Apparently, it was the relatively low melting point that made this alloy and its inventor so famous. After all, before this, the well-known low-melting alloys Rose (1772) and D'Arcet (1775) had a melting point of 95 degrees Celsius. A reduction in the melting point by 26% undoubtedly provided the opportunity for very significant energy savings, with all that entails, especially taking into account the areas of application of Wood's alloy.

Soldering and tinning - “wood alloy”

Among radio amateurs and electronics engineers, Voodoo alloy has found application for soldering and tinning, and here's why. Tinning, as we know, involves applying a thin layer of tin to another metal, thereby protecting the metal from oxidation and corrosion. And as we learned above, Wood's alloy is an alloy containing tin. In addition to its fusibility, Wood's alloy has good fluidity, which allows it to spread evenly over the surface and fill the slightest cracks. In order to tinning tracks on a printed circuit board, you need: water, grains or rods of the alloy itself, citric (or soldering) acid.

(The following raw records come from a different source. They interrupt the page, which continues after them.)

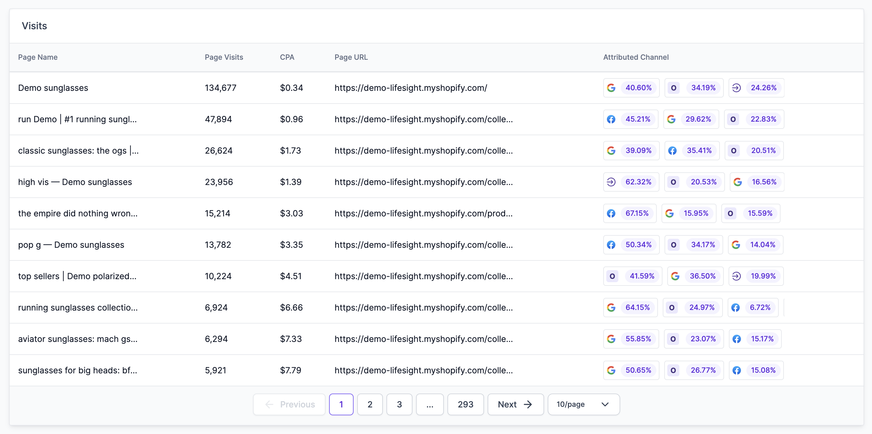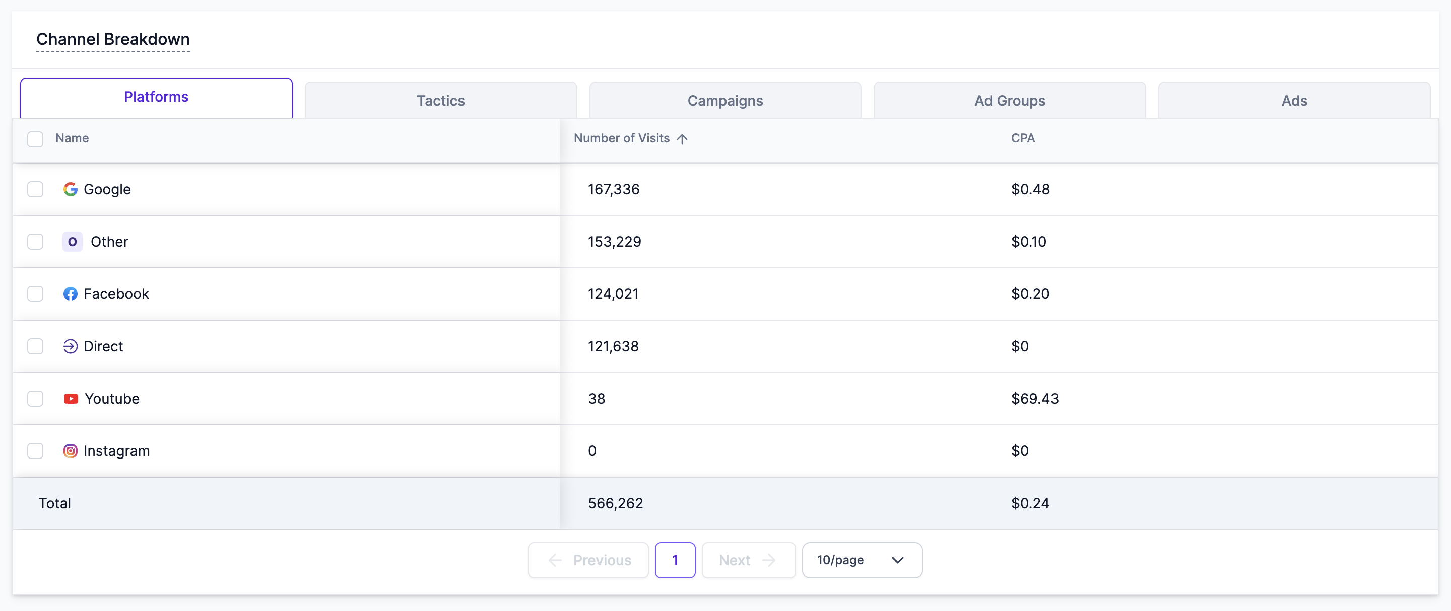 Channel Breakdown Table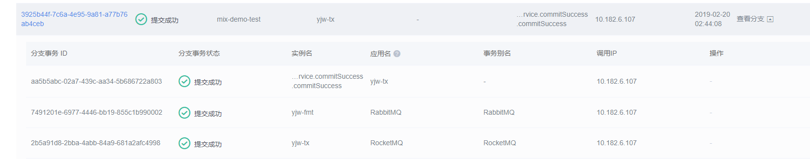点击全局事务中的应用名称,可查看相应的全局事务信息和事务轨迹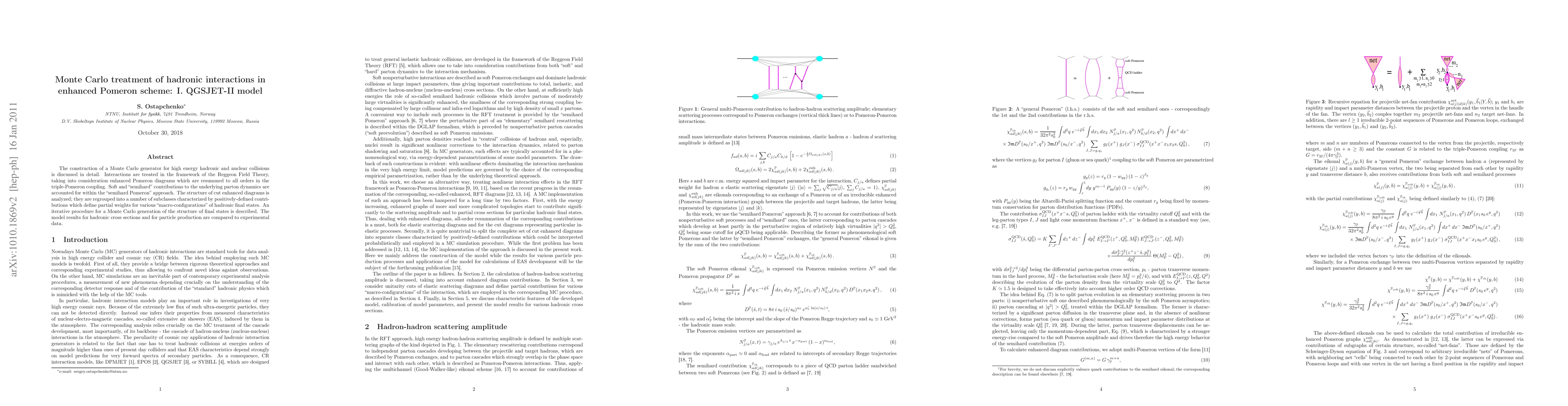 This paper details the development of a Monte Carlo generator for high-energy hadronic and nuclear collisions, utilizing the QGSJET-II model within the enhanced Pomeron framework of Reggeon Field Theory. The model incorporates resummed triple-Pomeron couplings and semihard Pomeron contributions, and compares its predictions for cross sections and particle production to experimental data.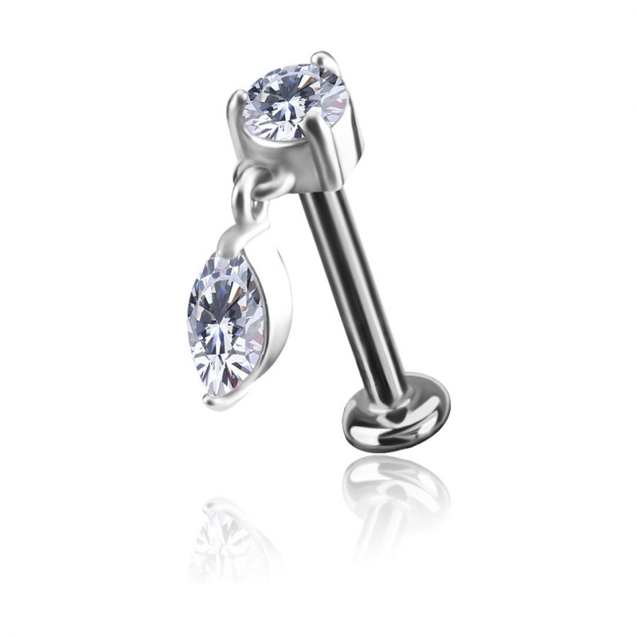 LABRET SENZA FILETTATURA CON RICAMBIO PREMIUM CUBIC ZIRCONIA E PENDENTE A GOCCIA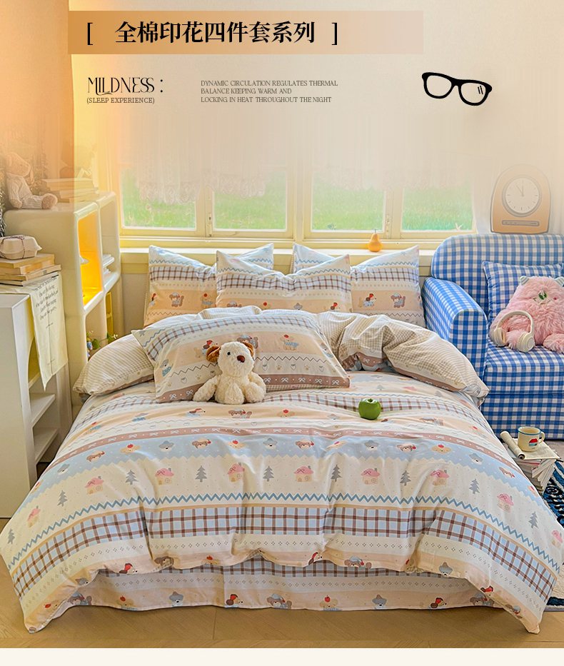 (总)简约家纺 2026新款全棉印花学生宿舍三件套系列,费尔岛小狗,粉色花园兔-粉,歌尔-粉,格雅,故事小黄花,花满情,橘子格,可爱萌犬,蓝茵小兔,木马心愿,史努比花海,恬淡小花,晚风私语,维西兔,小奶兔,星小象-米,星语星愿,雅柔,颜诺,怡花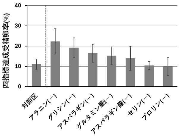 7種類の非必須アミノ酸を0.1 mMの濃度で添加した培養液を対照区とし、非必須アミノ酸を1種類ずつ非添加とした培養液を合計7種類作製し、対照区を含めた8種類で四指標達成受精卵率4) を比較しました。

Tinning with Wood's alloy occurs as follows (see the video, although it talks about Rose's alloy, but it is also suitable for Wood's alloy with a little clarification):

1. Pour water (or glycerin) into a container, heat it, measuring the temperature, bring it to the melting point temperature, i.e. about 68.5 degrees Celsius.

2. Add a little citric acid to hot (very hot, but not necessarily boiling) water.

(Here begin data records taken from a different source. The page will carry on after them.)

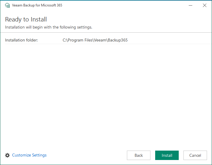7. Click Install on the Veeam Backup for Microsoft 365 page.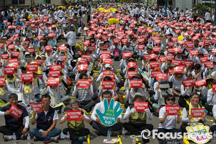 (서울=포커스뉴스) 29일 오후 서울 용산구 서울역 앞에서 보건의료노조의 총력투쟁 결의대회 집회가 열리고 있다.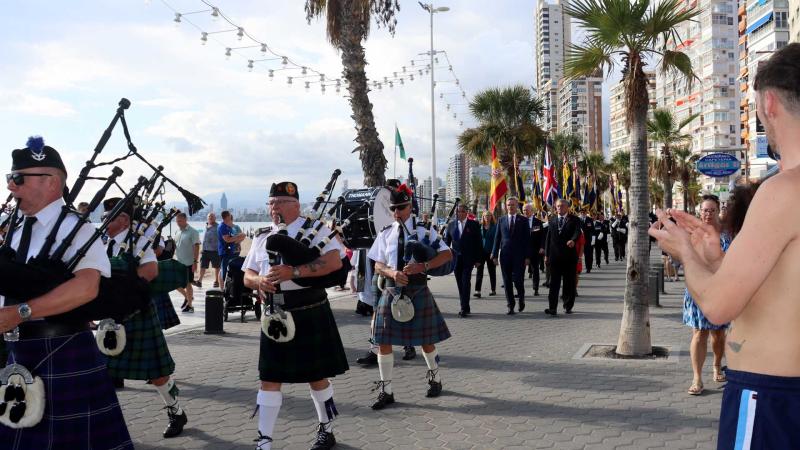 At 3:45 p.m., the traditional banner parade began on Castellón Avenue, accompanied by the Torrevieja Pipes and Drums, adding colour and melody to a day dedicated to remembrance. Hundreds of people followed the procession along the Levante promenade, applauding and taking photos with the participants. This was especially true for veterans, such as Raymond Barber, a 93-year-old British man who has lived in Benidorm for four decades and who wore the same uniform he wore when he served as a sailor more than 70 years ago.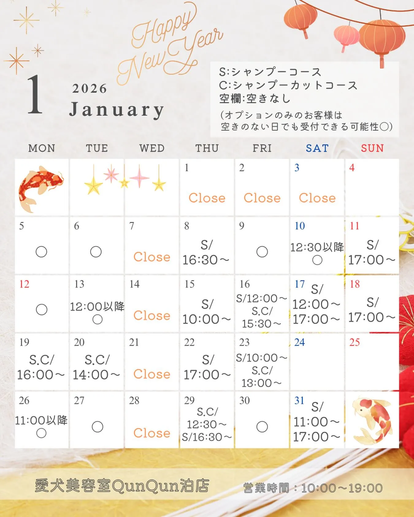 1月空き状況です🤍🐾(12月19日17:00時点)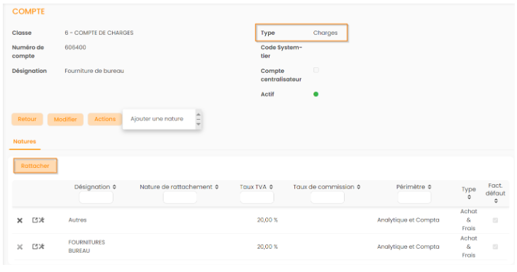 Le Montant HT est ventilé dans une compte de Type “Charge”. Un compte de Type “Charge” permet de rattacher une Nature d’achat.

3. Then a pre-cleaned board is placed in a container, which needs to be tinned, and several pieces of Wood’s alloy are laid out on the copper tracks of the board. The water is heated, the alloy heats up and turns into a liquid state.

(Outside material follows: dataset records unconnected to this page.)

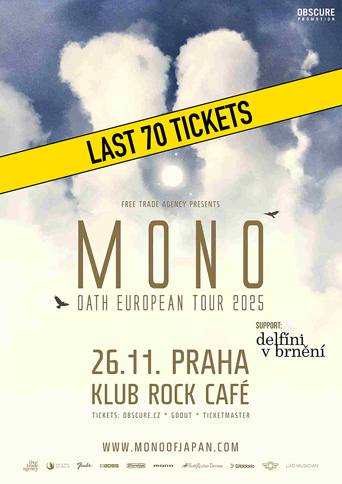 Japonský instrumentální rockový kvartet MONO slaví 25 let a vyráží na turné! Jejich hudba překračuje žánrové hranice – mísí orchestrální aranže se shoegaze kytarami, vrstvenou dynamikou a filmovou atmosférou. Každý koncert MONO je podmanivým, emotivním příběhem beze slov, který vtáhne a nepustí.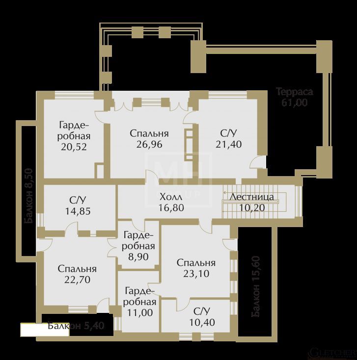 Тип дома проект Е. Современная стилистика. Облицовка фасадных поверхностей плиткой из декоративного бетона с карнизами из полированного гранита,горизонтальные поверхности балконов и террас облицованы гранитными плитами с термообработкой,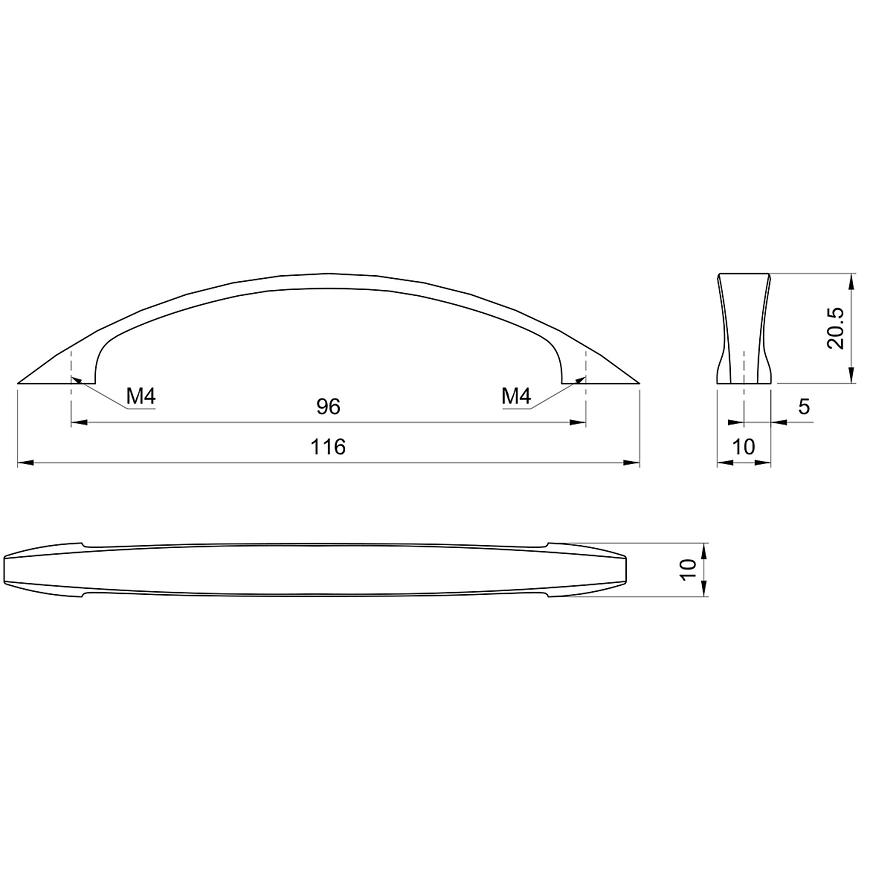 Uchwyt meblowy A026-96 w wykończeniu chromowym to praktyczny i elegancki element wyposażenia mebli, wykonany z trwałego stopu ZnAl. Ma szerokość 10 mm, wysokość 20,5 mm i długość 116 mm, a rozstaw otworów montażowych wynosi 96 mm, co zapewnia stabilny i pewny montaż. Sposób montażu przykręcany gwarantuje trwałe i wygodne użytkowanie, a chromowana powierzchnia nadaje meblom nowoczesny i estetyczny wygląd.

4. Using a tampon, or better yet, a wooden or plastic spatula, tinning the tracks is done by rubbing drops of liquid alloy along the tracks of the board.

5. After tinning, cover the board with rosin (flux) and wash it.

The described tinning method is hot, with coating applied by rubbing. Another hot application method is immersion. But in this case, of course, an alloy bath is used, for which the required amount of raw materials is much greater than for the grinding method.

When soldering, or rather desoldering elements from boards - processors and microcircuits, connectors and other parts - Wood's alloy is good because its melting point is much lower than the melting temperature of the plastic parts' housings. Therefore, there is no need to fear that the plastic case will be damaged during desoldering (or soldering). Of course, all soldering operations in any case must be done as carefully and carefully as possible. This alloy can be used to solder various metals and alloys (copper, nickel, aluminum, bronze and brass), as well as products made of precious metals.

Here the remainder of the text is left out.